つまり、同じ真実の報道であっても企業や個人の固有名詞を選択する権利は「編集」の名の下、マスコミ各社に委ねられているのだ。また、記者クラブ報道を垂れ流すマスコミにおいては、記者クラブ報道の「編集」によって特定企業や個人の名称が消されてしまうのだ。
 前回2007年3月の178物件の売却に参画した企業名が「コスモスイニシアなど7社で構成するグループ」と報道されている例が多い。この時は社宅を中心に払い下げを行ったので「かんぽの宿」ほど目立たず、評価額が妥当だったか今となっては検証が難しい。しかし、鳥取県岩美町の「かんぽの宿」も含まれており、これは報道にあるようにグループ内では1万円と評価されて6000万円で転売されている。
 では、どの会社が1万円を6000万円に化けさせたのかと言うと「コスモイニシアなど7社」では事実の報道にほど遠い。実は、この7社とは「コスモスイニシア、東急リバブル、長谷工コーポレーション、穴吹工務店、穴吹不動産センター、リーテック、有限会社レッドスロープ」の7社である。この中の有限会社レッドスロープが1万円→6000万円のマジックを使った。しかし、有限会社規模である。他のゼネコンのダミー会社では無いのかとの疑惑は当然起きてくる。
 また、東急リバブルは全国7個所の旧社宅を1000円で手に入れている。グループ7社の隠れ蓑の中で何が行われたのかは正確に情報を入手するのは困難だ。
 まして、このような報道手法では代表会社に無名の会社を上げておけば、本体の名前も出ることが無い。それを巧妙に、いや、マスコミと企業群が暗黙の了解として使い国民の知る権利を騙しているとしか思えない。

今回の取引の透明性
 一般のマスコミ情報では「オリックス」と表記されている例も多い。これは誤記である正しくは「オリックス不動産」である。この段階で今回の「かんぽの宿」の払い下げは転売目的の企業に対して行われていることが解る。事業の継続は入手企業に義務付けられてはいない。2年間の転売禁止だけである。逆に2年目には転売可能だ。

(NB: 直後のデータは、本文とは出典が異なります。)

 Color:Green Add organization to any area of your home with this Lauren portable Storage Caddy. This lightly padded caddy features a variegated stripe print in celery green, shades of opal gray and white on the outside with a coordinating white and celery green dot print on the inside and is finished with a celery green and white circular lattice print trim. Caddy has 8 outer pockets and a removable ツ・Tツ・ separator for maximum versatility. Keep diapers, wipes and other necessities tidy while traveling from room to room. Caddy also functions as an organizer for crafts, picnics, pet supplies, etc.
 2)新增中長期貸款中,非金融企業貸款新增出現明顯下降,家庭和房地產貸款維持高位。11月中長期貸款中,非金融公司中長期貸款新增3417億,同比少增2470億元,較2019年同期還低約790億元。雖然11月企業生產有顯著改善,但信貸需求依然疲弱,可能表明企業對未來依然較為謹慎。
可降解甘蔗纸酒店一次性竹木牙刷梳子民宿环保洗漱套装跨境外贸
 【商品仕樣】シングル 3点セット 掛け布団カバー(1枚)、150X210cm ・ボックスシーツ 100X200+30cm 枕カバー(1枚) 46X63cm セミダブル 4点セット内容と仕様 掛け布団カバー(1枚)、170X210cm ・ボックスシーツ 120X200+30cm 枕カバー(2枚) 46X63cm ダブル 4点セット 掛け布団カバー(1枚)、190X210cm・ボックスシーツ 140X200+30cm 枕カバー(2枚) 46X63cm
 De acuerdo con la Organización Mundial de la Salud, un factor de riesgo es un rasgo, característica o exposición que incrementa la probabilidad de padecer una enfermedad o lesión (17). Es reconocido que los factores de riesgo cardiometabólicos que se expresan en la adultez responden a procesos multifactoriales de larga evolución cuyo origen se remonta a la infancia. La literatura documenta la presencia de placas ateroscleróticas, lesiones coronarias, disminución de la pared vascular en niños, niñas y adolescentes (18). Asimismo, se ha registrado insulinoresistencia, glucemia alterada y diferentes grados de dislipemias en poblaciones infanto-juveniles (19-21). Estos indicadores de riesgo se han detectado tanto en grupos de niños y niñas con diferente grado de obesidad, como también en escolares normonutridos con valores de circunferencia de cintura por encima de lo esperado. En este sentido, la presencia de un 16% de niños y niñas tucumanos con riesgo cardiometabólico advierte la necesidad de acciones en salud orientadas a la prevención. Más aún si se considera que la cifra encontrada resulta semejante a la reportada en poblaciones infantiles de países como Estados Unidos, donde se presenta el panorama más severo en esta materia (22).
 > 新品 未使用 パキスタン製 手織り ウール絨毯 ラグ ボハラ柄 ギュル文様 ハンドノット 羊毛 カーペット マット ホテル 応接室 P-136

「オリックス」と報道されると事業継続のように受け取れるトリックがここにも隠れている。最終選考に残った企業は正確にはオリックス不動産1社なのだが、その前段でオリックスと競っていたのが「ホテルマネージメントインターナショナル」である。こちらはホテル運営を営業品目にする会社で詳細は不明だが「かんぽの宿」事業の継続を前提に入札に応じたのだろう。だから、転売を目的にしたオリックス不動産の109億円」に対して61億円までしか出せなかったのだ。もっとも、86億円を提示したのだが、オリックス不動産と同様の条件に日本郵政が調整して「入札価格は61億円」と日本郵政がしてしまったのだが。

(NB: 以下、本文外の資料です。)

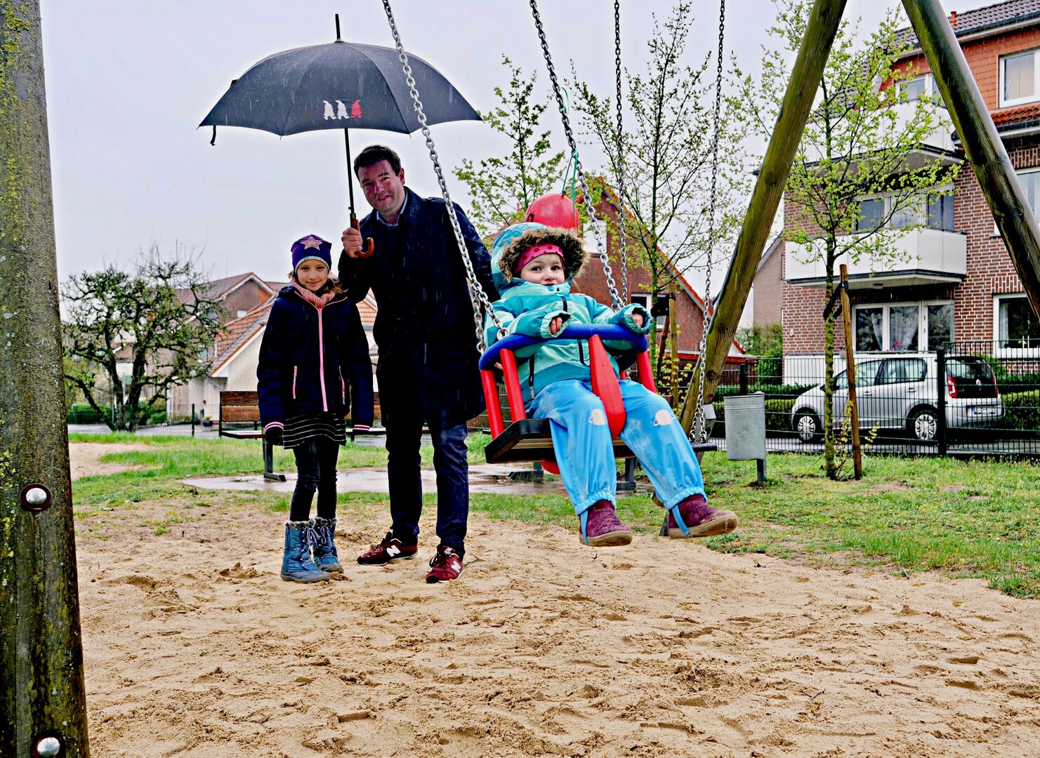 Und so weihte Schäfer Ende April, trotz kalten Wetters und Dauerregens, zusammen mit Frederica Zappe und deren kleiner Schwester am Spielplatz Höhenholz den ersten blauroten Schaukelsitz für Kleinkinder ein. Bauhofmitarbeiter hatten ihn wenige Minuten zuvor fachgerecht montiertet.
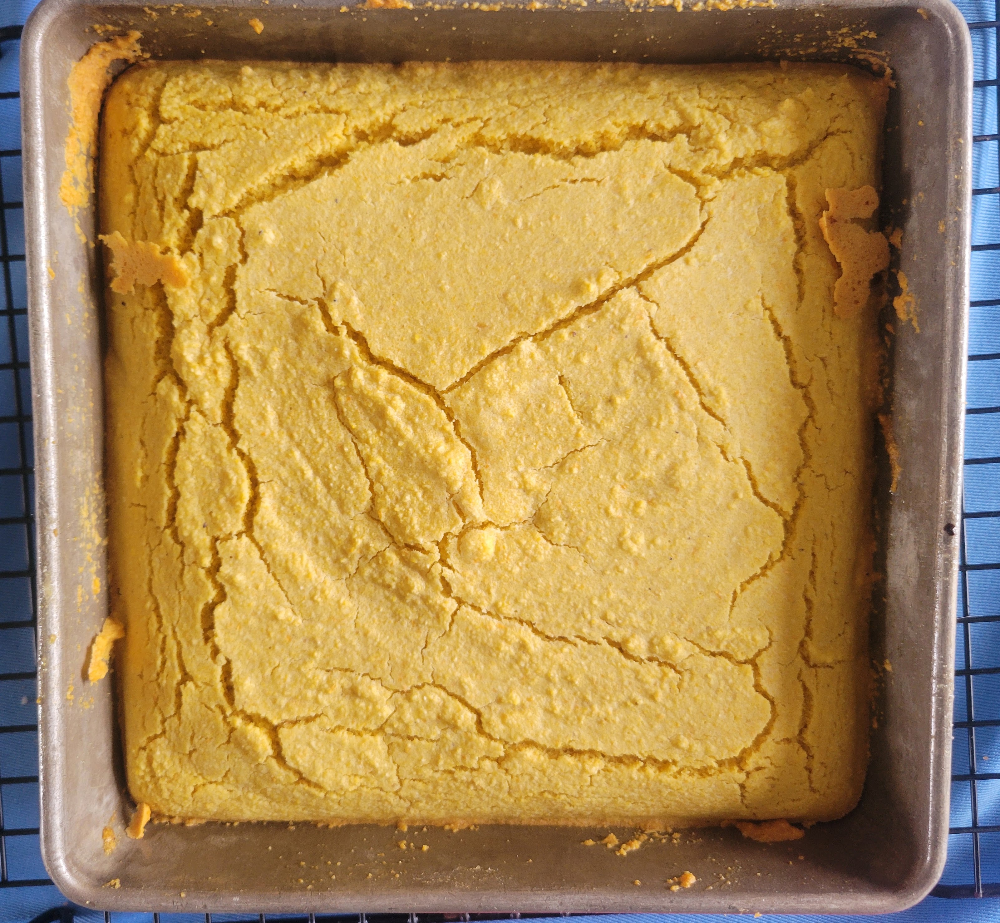 This cornbread recipe shows Malinda’s origins in the American South in the absence of sugar and the smaller amount of wheat flour than found in many (though not all) Northern recipes. It is also a very frugal recipe, using a very small amount of fat. The amount of baking soda is also notably small, resulting in a very dense bread.

 さらに資産売却の告知としては2008年4月1日に日本郵政HPに掲載、5月15日締め切りと何時間の間にアリバイ作りのように告知しただけで、例えば有馬温泉の温泉街では落札結果が出るまで自体を把握できていなかったのだ。これを広報行為と呼べるだろうか。
 これは談合による囲い込みと呼ばずして何と表現したら良いのか。結局、いかに不透明にして民間の利益をはかるか。そして、それを新たな資金源に天下り先を増やしていくか、それに尽きる気がしてならない。その片棒をマスコミが担いだのだろう。

マスコミも公器では無くなった
 非常に巧妙に仕組まれた日本郵政、民間不動産業者、スポンサー欲しさのマスコミの3者による報道のねじ曲げと国民への「めくらまし」の実態が見えてくる。

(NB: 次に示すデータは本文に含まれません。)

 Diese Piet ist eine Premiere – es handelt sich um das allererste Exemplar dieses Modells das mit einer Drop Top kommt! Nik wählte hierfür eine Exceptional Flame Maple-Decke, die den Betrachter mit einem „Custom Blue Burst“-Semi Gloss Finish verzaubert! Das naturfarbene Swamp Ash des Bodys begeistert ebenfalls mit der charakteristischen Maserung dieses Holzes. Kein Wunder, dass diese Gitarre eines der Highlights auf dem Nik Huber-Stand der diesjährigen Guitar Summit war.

 その中で地方紙である北海道新聞や4大新聞に水を空けられた中日新聞がまっとうな報道に徹したのは結局既存のマスメディアの限界を露呈してるのだろう。泣く子とスポンサーには勝てないならニュース番組や社説はジャーナリズムを捨てたバラエティなのだと懺悔したら良い。上から目線で社説を書くが、実態は報道の暴力、マスメディアによる世論誘導なのだから。
 NHKのように何故淡々と事実を伝える姿勢に徹しないのか。それは民放とNHKの決定的違い、立ち位置が何処にあるかだろう。民放は制作費減少に苦慮してますます番組の質にまでスポンサーへの配慮が介入してくるのだろう。それは自殺行為なのだが、食うために魂を売り渡すことを何とも思っていないって潜在的危険性が今回の「かんぽの宿」vs鳩山邦夫総務大臣の報道に見え隠れする。
 国民は益々、マスコミに騙されないように警戒しなければならない。